** Available data follows **

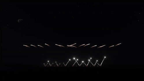 A stunning display of synchronized ground fireworks illuminates the night sky with intricate patterns.
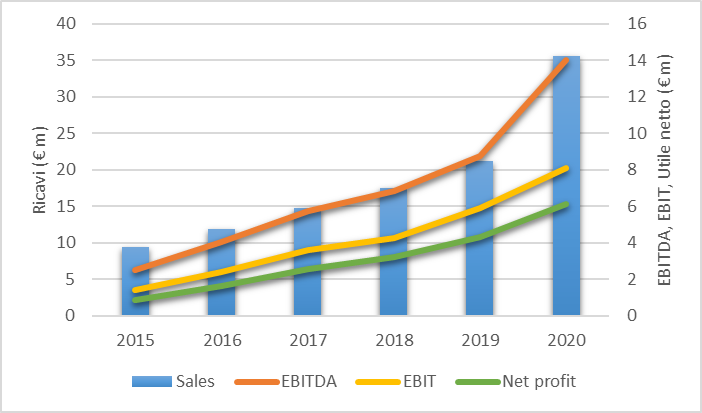 Negli ultimi anni l’azienda è stata protagonista di una crescita ininterrotta, sia in termini di ricavi sia di marginalità, con un tasso medio annuo composto di crescita degli utili che raggiunge il valore record di 48%.
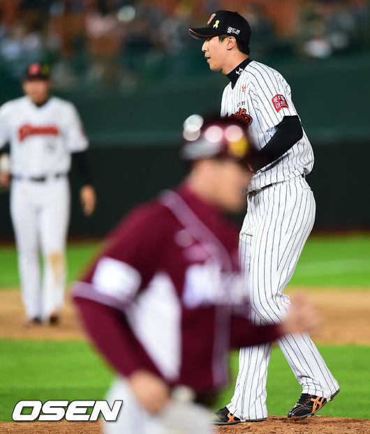 16일 오후 부산 사직구장에서 열린 2014 한국야쿠르트 세븐 프로야구 롯데 자이언츠와 넥센 히어로즈의 경기,5회초 2사 만루 롯데 배장호 투수가 스트레이트 밀어내기 볼넷을 실점한 뒤 아쉬워하고 있다.
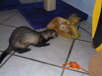 Balu und Hera (auch alle anderen) beim Spiel mit einem leeren Plastik-Kartoffelsack
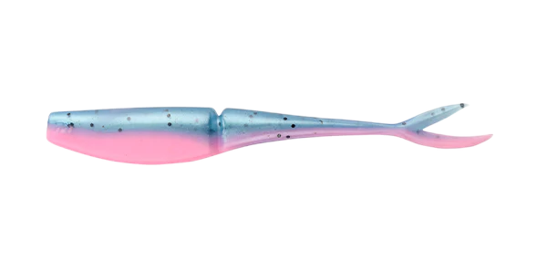 One of the more difficult bait styles from which to stand out from the crowd. The BaitJunkie Jerkshads’ exhibit some of the most incredible swimming action ever witnessed from a ‘fluke’ style bait. The BaitJunkie ‘slim waist’ design principle is in full flight in the 5” Jerkshad, with the prominent waist section segmenting the bait into two separate parts. The vertical fluke tail exaggerates the action and the hinge-like effect of the body makes the tail section of the BaitJunkie 5” Jerkshad swim like no other. A belly slit enables weedless rigging with an EWG style weighted hook and is the rigging method of choice when you want to keep the bait up high in the water column.
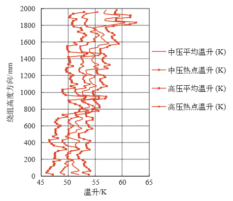 | 高压绕组平均温升/K | 49.7 | 50.0 | -0.6 |
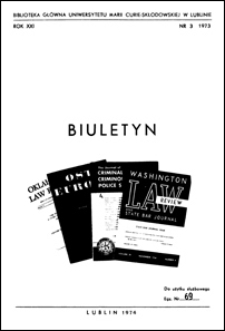 Biuletyn Biblioteki Uniwersytetu Marii Curie-Skłodowskiej w Lublinie. R. 21 (1973)
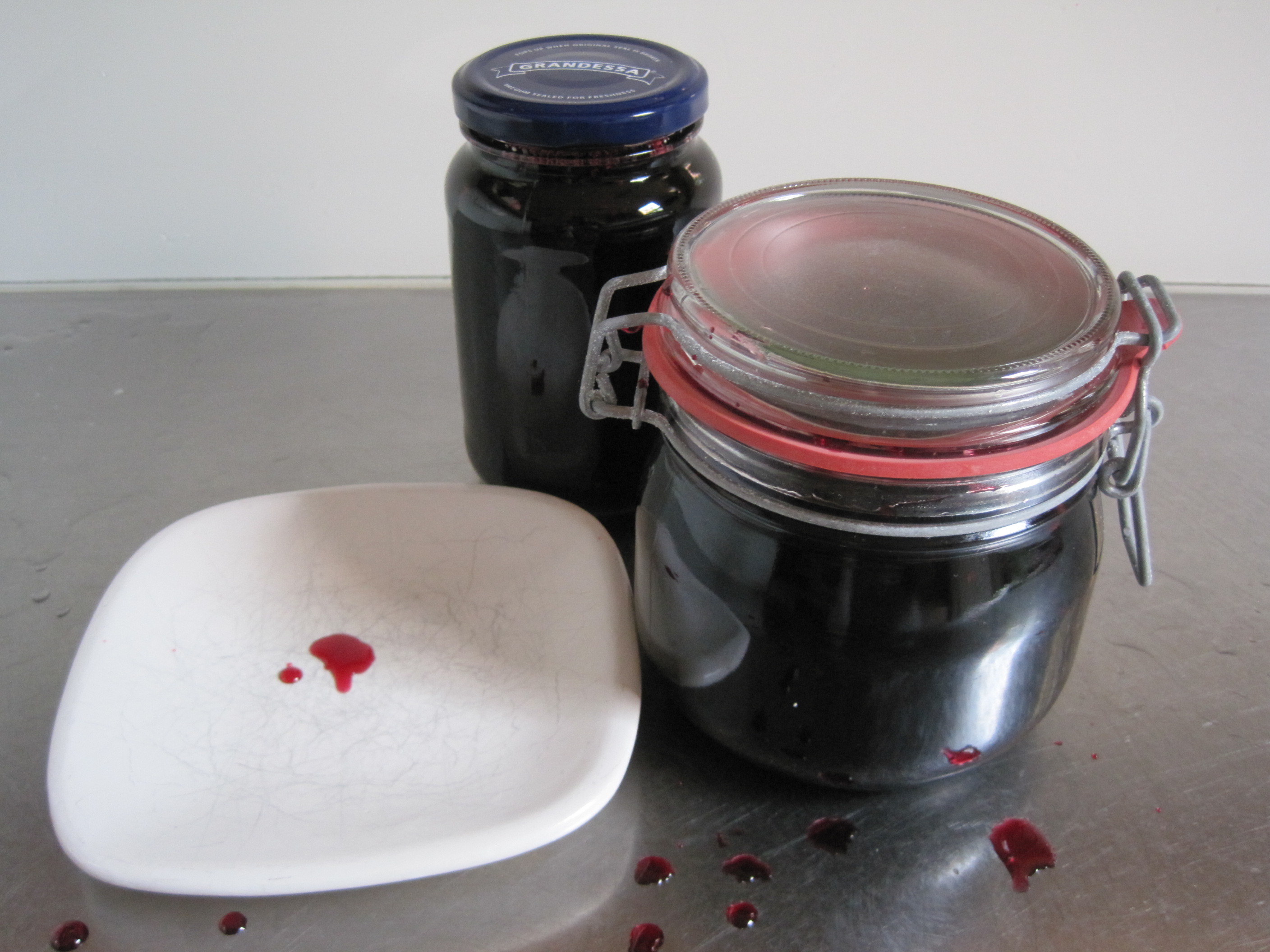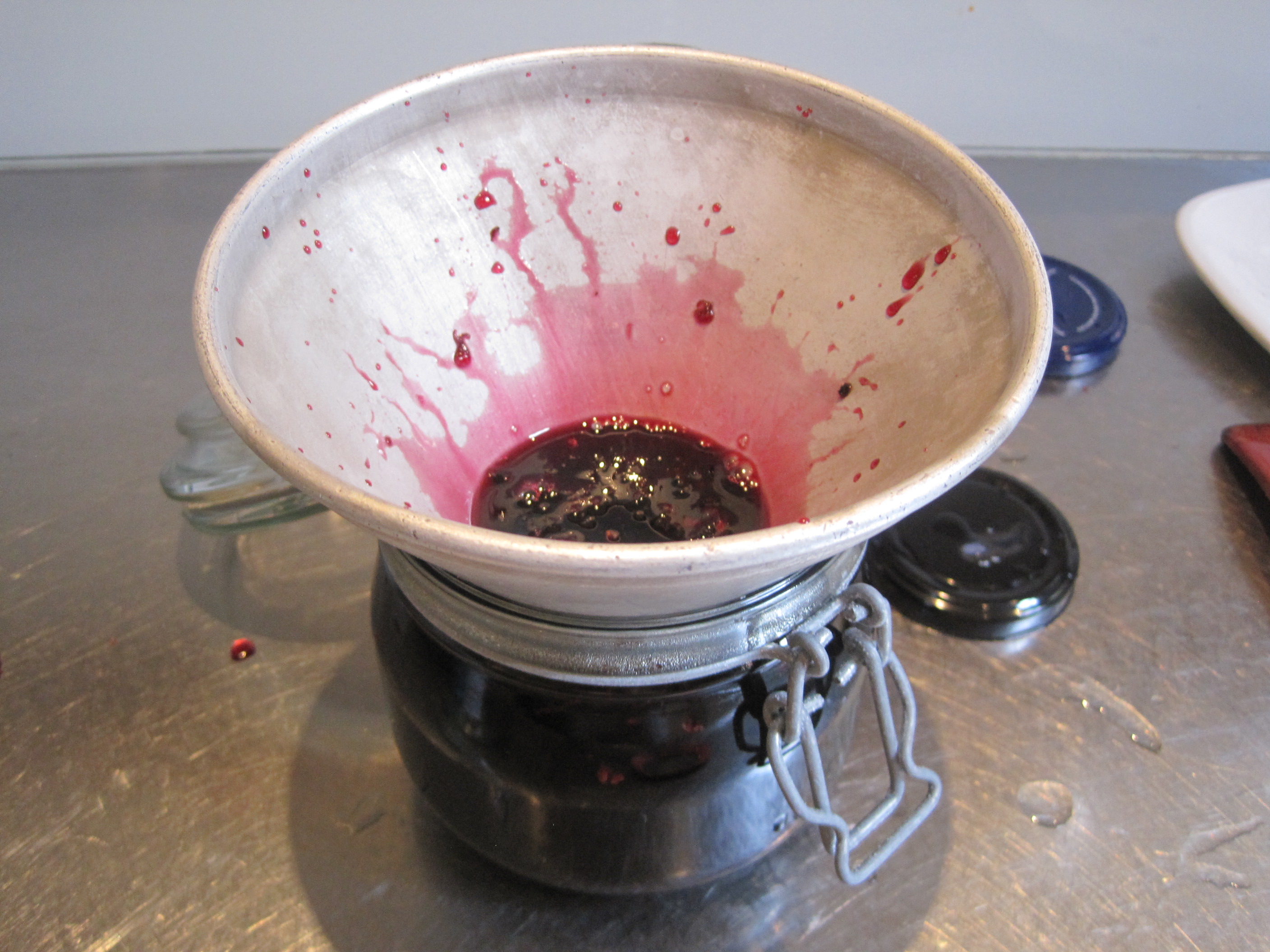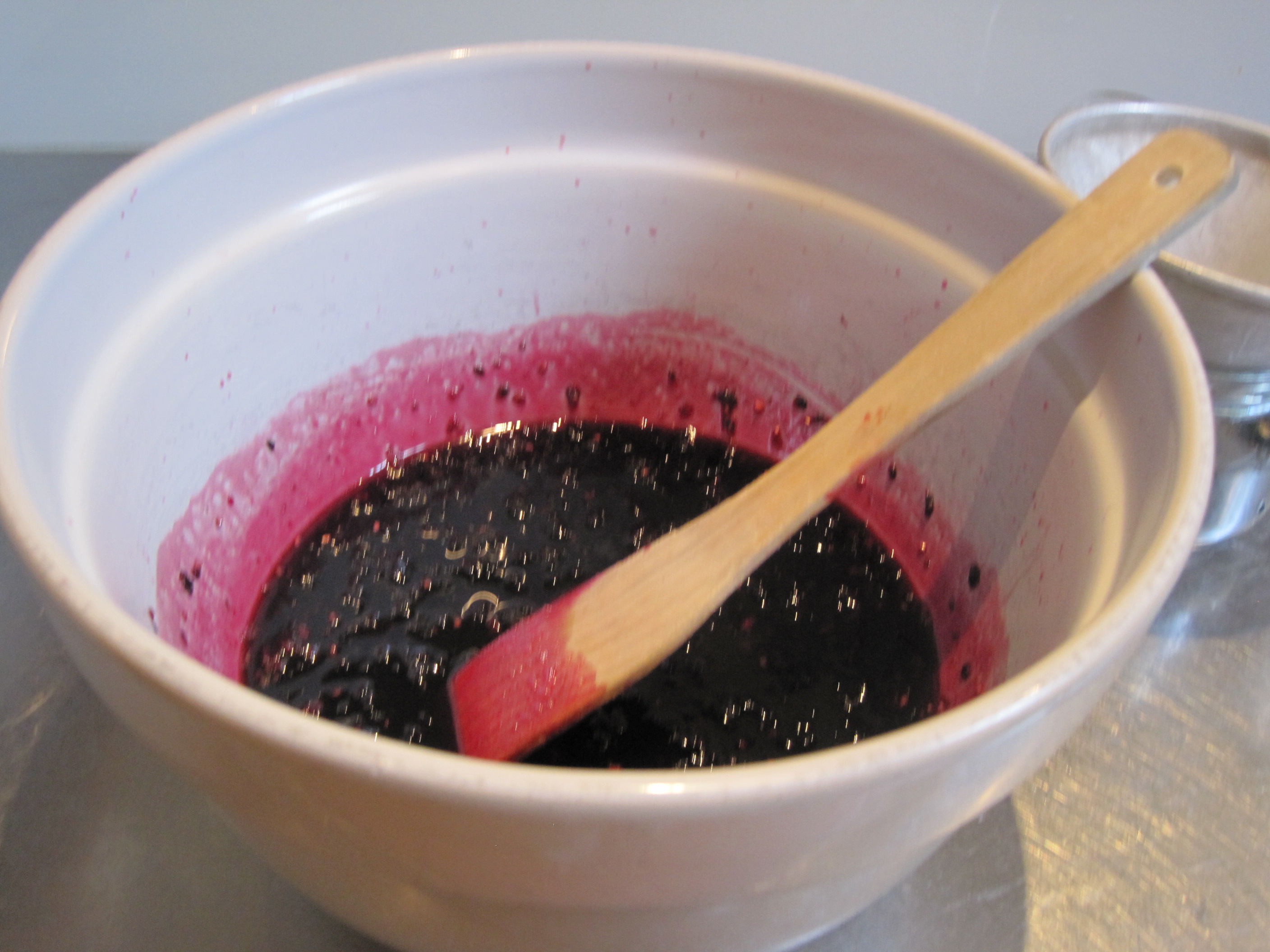 IMG_5734We got home at about four in the afternoon and while the men sorted the wine I decided to do something with the now overly ripe and somewhat squashed berries and finally give you the secret of microwave jam.
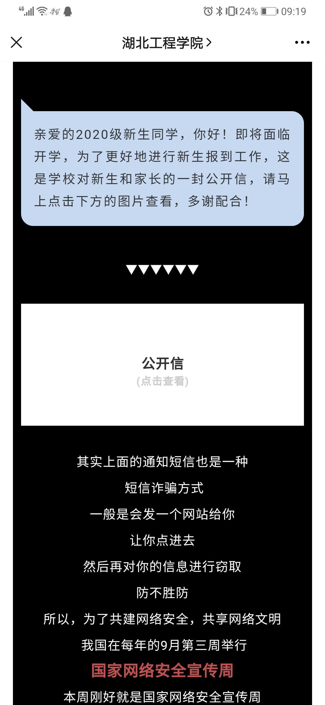 在网络安全宣传周活动期间,学院在校内悬挂相关标语条幅、展出宣传海报。教学学院利用电子屏幕播放网络安全宣传周的主题、视频、口号标语等。通过校园新闻网、湖北工程学院官方微博发布网络安全宣传系列活动新闻,利用“湖北工程学院”微信公众号推送相关知识并在各学院微信公众号平台转发,校内LED电子大屏幕播放网络安全宣传图,通过校园广播台播报网络安全公益广告。
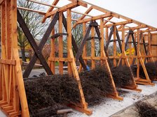Podstawowym tworzywem tężni solankowej są gałązki krzewu śliwa tarnina. To właśnie po nich spływa solanka, rozbijając się na mniejsze krople, a dzięki promieniom słonecznym i podmuchom wiatru powstaje mgiełka solankowa, rozwiewana wokół tężni, tworząc mikroklimat.
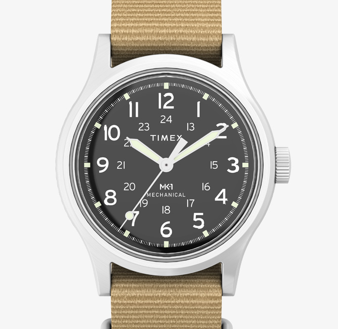 1980년대 캠퍼 모델을 현대적으로 재해석한 MK1은 군용 시계의 견고함과 세련된 디자인을 겸비했습니다. 알루미늄 또는 스테인리스 스틸 케이스와 나토 밴드로 캐주얼 룩에 잘 어울리며, 가격은 약 8~12만 원대입니다.

** End of Available data **

**Problem details**
Only the text of the records belongs in your answer, repeated exactly; the pictures stay out.

**Final answer**
 A stunning display of synchronized ground fireworks illuminates the night sky with intricate patterns.
 Negli ultimi anni l’azienda è stata protagonista di una crescita ininterrotta, sia in termini di ricavi sia di marginalità, con un tasso medio annuo composto di crescita degli utili che raggiunge il valore record di 48%.
 16일 오후 부산 사직구장에서 열린 2014 한국야쿠르트 세븐 프로야구 롯데 자이언츠와 넥센 히어로즈의 경기,5회초 2사 만루 롯데 배장호 투수가 스트레이트 밀어내기 볼넷을 실점한 뒤 아쉬워하고 있다.
 Balu und Hera (auch alle anderen) beim Spiel mit einem leeren Plastik-Kartoffelsack
 One of the more difficult bait styles from which to stand out from the crowd. The BaitJunkie Jerkshads’ exhibit some of the most incredible swimming action ever witnessed from a ‘fluke’ style bait. The BaitJunkie ‘slim waist’ design principle is in full flight in the 5” Jerkshad, with the prominent waist section segmenting the bait into two separate parts. The vertical fluke tail exaggerates the action and the hinge-like effect of the body makes the tail section of the BaitJunkie 5” Jerkshad swim like no other. A belly slit enables weedless rigging with an EWG style weighted hook and is the rigging method of choice when you want to keep the bait up high in the water column.
 | 高压绕组平均温升/K | 49.7 | 50.0 | -0.6 |
 Biuletyn Biblioteki Uniwersytetu Marii Curie-Skłodowskiej w Lublinie. R. 21 (1973)
 IMG_5734We got home at about four in the afternoon and while the men sorted the wine I decided to do something with the now overly ripe and somewhat squashed berries and finally give you the secret of microwave jam.
 在网络安全宣传周活动期间,学院在校内悬挂相关标语条幅、展出宣传海报。教学学院利用电子屏幕播放网络安全宣传周的主题、视频、口号标语等。通过校园新闻网、湖北工程学院官方微博发布网络安全宣传系列活动新闻,利用“湖北工程学院”微信公众号推送相关知识并在各学院微信公众号平台转发,校内LED电子大屏幕播放网络安全宣传图,通过校园广播台播报网络安全公益广告。
Podstawowym tworzywem tężni solankowej są gałązki krzewu śliwa tarnina. To właśnie po nich spływa solanka, rozbijając się na mniejsze krople, a dzięki promieniom słonecznym i podmuchom wiatru powstaje mgiełka solankowa, rozwiewana wokół tężni, tworząc mikroklimat.
 1980년대 캠퍼 모델을 현대적으로 재해석한 MK1은 군용 시계의 견고함과 세련된 디자인을 겸비했습니다. 알루미늄 또는 스테인리스 스틸 케이스와 나토 밴드로 캐주얼 룩에 잘 어울리며, 가격은 약 8~12만 원대입니다.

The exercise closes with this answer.